Monoclonal antibody therapies are finding increased use in comorbid T2 conditions encountered alongside asthma. Dupilumab is currently licensed by the EMA for the treatment of moderate to severe atopic dermatitis and severe chronic rhinosinusitis with nasal polyps (CRSwNP).²⁰² It also has a specific license from the EMA, for patients with severe T2 asthma who have co-existent severe eczema or CRSwNP.²⁰² Similarly, anti-IL-5 and IL-5R drugs, following successful clinical trials, are also currently under assessment for approval by multiple regulatory bodies for use in other eosinophilic conditions such as Eosinophilic Granulomatosis with Polyangiitis,^248,274 CRSwNP^275–277 and Eosinophilic oesophagitis.²⁷⁸ Mepolizumab specifically has been approved by the Food and Drug Administration for Eosinophilic Granulomatosis with Polyangiitis²⁷⁸ Finally, Omalizumab is also licensed for use in treatment-resistant chronic spontaneous urticaria and CRSwNP.¹⁹⁸ The emergence of biologic use in these other disease states may conceivably inform asthma biologic choice in the future as shown in Figure 2. It also once again highlights the importance of a holistic “whole-person” approach to phenotyping, by looking beyond asthma and considering comorbid treatable traits in biologic selection.

Future Treatments

Currently, licenced biologic treatments target downstream pathways of T2-inflammation and reduce exacerbation rates in study populations by approximately only 50%. Furthermore, there are limited treatment options for the seemingly few patients with T2-low severe asthma. With improved understanding of the immunopathogenesis of asthma, additional therapeutic targets within inflammatory pathways are being explored.

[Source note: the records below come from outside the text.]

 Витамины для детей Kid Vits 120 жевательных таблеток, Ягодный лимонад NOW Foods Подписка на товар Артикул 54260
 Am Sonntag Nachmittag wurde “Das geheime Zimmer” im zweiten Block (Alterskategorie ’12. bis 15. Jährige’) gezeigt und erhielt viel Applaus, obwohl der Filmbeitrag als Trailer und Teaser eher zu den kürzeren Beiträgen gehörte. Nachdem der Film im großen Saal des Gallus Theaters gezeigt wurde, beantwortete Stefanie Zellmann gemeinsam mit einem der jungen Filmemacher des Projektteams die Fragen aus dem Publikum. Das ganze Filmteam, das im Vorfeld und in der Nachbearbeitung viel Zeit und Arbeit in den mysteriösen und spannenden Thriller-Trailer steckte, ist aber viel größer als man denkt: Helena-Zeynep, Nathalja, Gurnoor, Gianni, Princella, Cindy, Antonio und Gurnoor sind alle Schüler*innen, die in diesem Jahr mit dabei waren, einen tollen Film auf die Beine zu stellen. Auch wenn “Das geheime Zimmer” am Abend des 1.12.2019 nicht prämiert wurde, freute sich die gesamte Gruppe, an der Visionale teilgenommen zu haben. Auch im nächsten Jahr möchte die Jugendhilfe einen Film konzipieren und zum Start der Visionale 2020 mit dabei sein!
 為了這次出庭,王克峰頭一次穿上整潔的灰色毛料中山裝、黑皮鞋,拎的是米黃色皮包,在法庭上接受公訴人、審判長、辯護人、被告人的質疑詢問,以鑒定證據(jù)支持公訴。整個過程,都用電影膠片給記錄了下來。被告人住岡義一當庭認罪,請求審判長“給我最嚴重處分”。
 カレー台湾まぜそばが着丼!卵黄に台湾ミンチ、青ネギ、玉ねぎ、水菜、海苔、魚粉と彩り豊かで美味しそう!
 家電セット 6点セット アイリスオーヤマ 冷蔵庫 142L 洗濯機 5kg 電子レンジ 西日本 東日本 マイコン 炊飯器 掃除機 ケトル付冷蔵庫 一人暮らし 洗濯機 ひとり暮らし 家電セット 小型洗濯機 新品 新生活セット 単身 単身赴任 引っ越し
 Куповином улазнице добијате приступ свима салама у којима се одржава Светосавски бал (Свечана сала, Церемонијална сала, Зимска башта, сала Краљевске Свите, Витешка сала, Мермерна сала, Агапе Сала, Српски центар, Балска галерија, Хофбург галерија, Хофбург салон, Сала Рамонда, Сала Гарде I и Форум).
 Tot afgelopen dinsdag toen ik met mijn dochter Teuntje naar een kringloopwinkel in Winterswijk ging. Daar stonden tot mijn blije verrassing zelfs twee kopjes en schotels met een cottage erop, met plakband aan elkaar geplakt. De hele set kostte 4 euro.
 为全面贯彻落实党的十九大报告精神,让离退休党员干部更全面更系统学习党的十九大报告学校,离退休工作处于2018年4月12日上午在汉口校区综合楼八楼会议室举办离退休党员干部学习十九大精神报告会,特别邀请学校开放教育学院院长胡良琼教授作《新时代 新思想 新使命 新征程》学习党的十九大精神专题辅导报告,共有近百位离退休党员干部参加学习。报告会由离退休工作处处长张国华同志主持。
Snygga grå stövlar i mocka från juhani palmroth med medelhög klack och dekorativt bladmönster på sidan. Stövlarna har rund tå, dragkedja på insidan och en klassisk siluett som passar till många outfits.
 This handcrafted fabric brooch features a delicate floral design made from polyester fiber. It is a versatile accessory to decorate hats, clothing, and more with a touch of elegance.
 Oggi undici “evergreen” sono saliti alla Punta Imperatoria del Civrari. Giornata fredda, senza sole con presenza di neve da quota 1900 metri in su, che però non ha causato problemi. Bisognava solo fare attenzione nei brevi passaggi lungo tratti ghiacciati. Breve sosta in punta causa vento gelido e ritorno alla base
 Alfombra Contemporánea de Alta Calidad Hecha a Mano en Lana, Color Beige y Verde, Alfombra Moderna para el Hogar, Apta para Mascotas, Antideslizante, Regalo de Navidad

Recently published data show the effectiveness of Tezepelumab, a biologic that targets upstream T2-inflammation, in patients with severe, uncontrolled asthma.²⁷⁹ Tezepelumab blocks thymic stromal lymphopoietin (TSLP)- an epithelial-cell-derived alarmin central to the regulation of T2-immunity. TSLP acts on numerous immune cells inducing the production of T2-cytokines, ultimately resulting in airway eosinophilia, AHR and airway remodelling.^280–282 In NAVIGATOR, a phase 3 trial, patients who received Tezepelumab had significantly fewer exacerbations and better lung function, asthma control and health-related quality of life, regardless of BEC, although the benefits were greater in patients with BEC ≥ 300 cells/μL.

Fevipiprant is an oral, highly selective, reversible antagonist of the prostaglandin D2 receptor (DP2). This receptor is expressed on key inflammatory cells including eosinophils, airway smooth much and epithelial cells. While Phase II studies in patients with asthma showed fevipiprant reduced sputum eosinophilia, improved lung function, as well as symptoms and quality of life, this efficacy was not replicated in a worldwide Phase 3 clinical trial programme.²⁸³ Nevertheless, there may be patient subgroups that benefit from fevipiprant and future studies are awaited.

Dexpramipexole is a novel oral eosinophil lowering drug which in a phase 2 study has been shown to significantly reduce BEC in patients with moderate-to-severe asthma.²⁸⁴ The reduction in BEC was dose-dependent and seen alongside improvement in FEV₁. It is thought to deplete eosinophils by inhibiting their maturation in the bone marrow, without affecting mature eosinophils. The drug is going to be studied as a potential pre-biologic alternative in the UK BEAT Severe Asthma Consortium Trials Program.